AI tools lift code output but not completed projects, study finds

The investment now flowing into artificial intelligence implies that American businesses and consumers would need to spend roughly 9% of US gross domestic product a year on AI services to justify it, according to an analysis by Columbia University finance professor Stijn Van Nieuwerburgh. His calculation, first presented at the Brookings Institution, puts the revenue AI companies would need to reach by 2032 at $3.5 trillion, or 8.8% of GDP under assumptions that include 4% annual GDP growth, unadjusted for inflation. Van Nieuwerburgh’s paper concludes that the AI buildout is now larger than any investment boom in American history.

Writing about the analysis in The Wall Street Journal, chief economics commentator Greg Ip put the implied spending in everyday terms: roughly what Americans spend on food, about twice what the nation pays for all forms of energy or for all computers and software, and seven times what consumers spend on phone, streaming, and internet services combined. His verdict on whether Americans will actually spend that much: “You should be skeptical.”

Van Nieuwerburgh built the estimate from the published plans of today’s data-center builders and the average cost of a data center. He assumed some data centers would be canceled, that each dollar of revenue produces 50 cents of cash flow, and that builders require an unleveraged return on invested capital of 10%.

A central assumption is that AI companies can continue charging today’s prices for computing power. Van Nieuwerburgh said the current scarcity of computing capacity is holding up prices and profit margins, and that the companies are “basically saying we’re going to keep charging scarcity pricing in 2032, when presumably there will be tons of competition and we’ve quadrupled our capacity.”

Falling prices have undone earlier investment booms. Between 1997 and 2001, the price of bandwidth on fiber between London and New York plunged 96% as new fiber strands came online and new technology expanded each fiber’s capacity, a collapse that accelerated the bankruptcy of long-haul fiber companies. The same dynamic is visible in AI: models double in capability roughly every four to five months, and the effective price for a given level of capability has fallen 47% per quarter since 2023, according to Epoch AI — about six times faster than the price of computing power.

The optimistic case is that falling prices and rising capability spur enough new demand to offset the price decline — a relationship dubbed the “Jevons Paradox” after British economist William Stanley Jevons, who identified the phenomenon in 19th-century English coal consumption. Recent demand trends support that view. An expert panel surveyed by a team led by Ezra Karger at the Federal Reserve Bank of Chicago projected that OpenAI and Anthropic would post combined annual revenue of $300 billion by 2030; Ip called that projection too conservative, noting the two companies’ combined revenue run rate is already around $180 billion and is growing at double-digit rates each quarter.

Some AI advocates argue the technology could become a third factor of production alongside capital and labor, which would make 9% of GDP look modest — labor currently receives about 51% of GDP. In that scenario, the analysis notes, employment would plummet and governments would need to tax AI to replace lost income and payroll taxes. The more prosaic risk, the analysis suggests, is that current growth rates will not be sustained once adoption is widespread and the most productive applications have been deployed.

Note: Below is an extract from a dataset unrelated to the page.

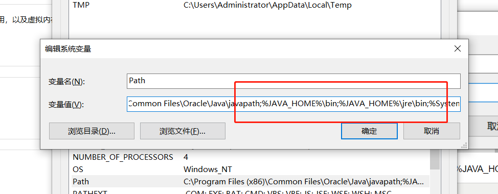 4、以上配置皆是系统变量中的配置,下面一个是用户变量中的配置

The history of the personal computer offers a caution about where a ceiling might lie. From the 1960s through the early 2000s, the density of microchips doubled roughly every two years, a phenomenon dubbed “Moore’s Law,” and the real price of computers fell about 15% per year. The personal computer and killer apps such as spreadsheets fueled an explosion of demand that more than offset that price decline: between 1974 and 1984, business investment in computers and peripherals tripled to 0.8% of GDP. Thereafter, better and cheaper computers no longer drove the same new demand — the first versions of VisiCalc and Lotus 1-2-3 revolutionized business in ways that ever more powerful versions of Microsoft Excel could not — and business spending on computers plateaued, apart from secondary booms tied to the internet in the late 1990s and to AI today.

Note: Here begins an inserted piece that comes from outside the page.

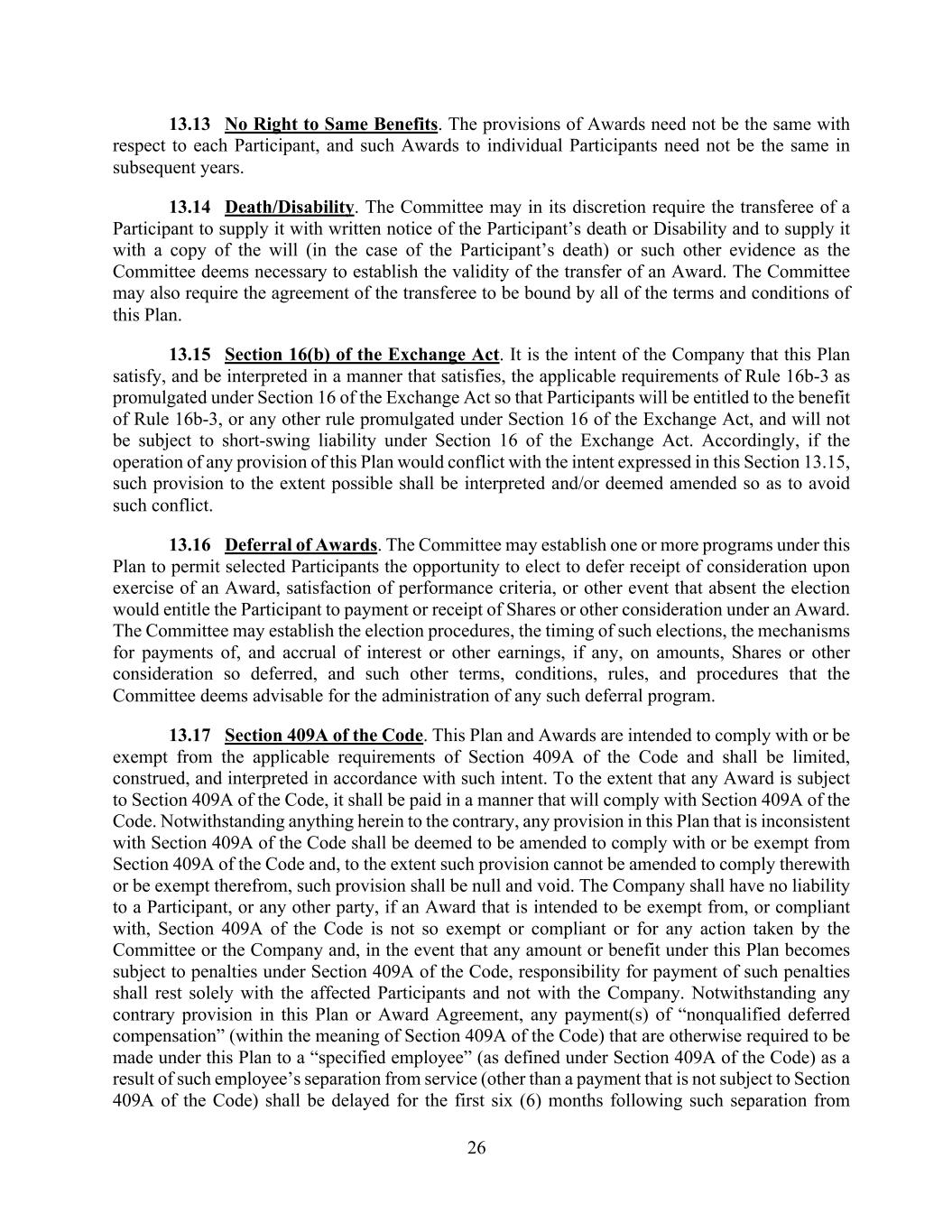 26 13.13 No Right to Same Benefits. The provisions of Awards need not be the same with respect to each Participant, and such Awards to individual Participants need not be the same in subsequent years. 13.14 Death/Disability. The Committee may in its discretion require the transferee of a Participant to supply it with written notice of the Participant’s death or Disability and to supply it with a copy of the will (in the case of the Participant’s death) or such other evidence as the Committee deems necessary to establish the validity of the transfer of an Award. The Committee may also require the agreement of the transferee to be bound by all of the terms and conditions of this Plan. 13.15 Section 16(b) of the Exchange Act. It is the intent of the Company that this Plan satisfy, and be interpreted in a manner that satisfies, the applicable requirements of Rule 16b-3 as promulgated under Section 16 of the Exchange Act so that Participants will be entitled to the benefit of Rule 16b-3, or any other rule promulgated under Section 16 of the Exchange Act, and will not be subject to short-swing liability under Section 16 of the Exchange Act. Accordingly, if the operation of any provision of this Plan would conflict with the intent expressed in this Section 13.15, such provision to the extent possible shall be interpreted and/or deemed amended so as to avoid such conflict. 13.16 Deferral of Awards. The Committee may establish one or more programs under this Plan to permit selected Participants the opportunity to elect to defer receipt of consideration upon exercise of an Award, satisfaction of performance criteria, or other event that absent the election would entitle the Participant to payment or receipt of Shares or other consideration under an Award. The Committee may establish the election procedures, the timing of such elections, the mechanisms for payments of, and accrual of interest or other earnings, if any, on amounts, Shares or other consideration so deferred, and such other terms, conditions, rules, and procedures that the Committee deems advisable for the administration of any such deferral program. 13.17 Section 409A of the Code. This Plan and Awards are intended to comply with or be exempt from the applicable requirements of Section 409A of the Code and shall be limited, construed, and interpreted in accordance with such intent. To the extent that any Award is subject to Section 409A of the Code, it shall be paid in a manner that will comply with Section 409A of the Code. Notwithstanding anything herein to the contrary, any provision in this Plan that is inconsistent with Section 409A of the Code shall be deemed to be amended to comply with or be exempt from Section 409A of the Code and, to the extent such provision cannot be amended to comply therewith or be exempt therefrom, such provision shall be null and void. The Company shall have no liability to a Participant, or any other party, if an Award that is intended to be exempt from, or compliant with, Section 409A of the Code is not so exempt or compliant or for any action taken by the Committee or the Company and, in the event that any amount or benefit under this Plan becomes subject to penalties under Section 409A of the Code, responsibility for payment of such penalties shall rest solely with the affected Participants and not with the Company. Notwithstanding any contrary provision in this Plan or Award Agreement, any payment(s) of “nonqualified deferred compensation” (within the meaning of Section 409A of the Code) that are otherwise required to be made under this Plan to a “specified employee” (as defined under Section 409A of the Code) as a result of such employee’s separation from service (other than a payment that is not subject to Section 409A of the Code) shall be delayed for the first six (6) months following such separation from

Yet Ip argued that the current AI cycle is following a different trajectory. “AI is improving and adoption is growing much more quickly than with computers, and productivity improvements have been impressive,” he wrote, framing the technology as advancing faster and reaching further than the computer plateau that followed the early personal-computer era. But the evidence on whether those gains translate into completed work is mixed. A review of software projects by Harvard economics doctoral students Fiona Chen and James Stratton, using the platform Jellyfish, which firms use to analyze their engineering teams, found that AI assistants boosted lines of code by 12% and “pull requests” — instances when new code is merged into an existing code base — by 5%. AI agents, which can operate autonomously, boosted lines of code by 30% and pull requests by 23%. Even so, the authors found that AI’s effect on completed projects was small and “statistically insignificant,” because users were spending much more time reviewing, commenting on, and changing pull requests.

The takeaway, Ip wrote, is that AI will almost certainly raise productivity and economic growth, but not necessarily in ways that translate directly into revenue, or into the returns investors are now counting on.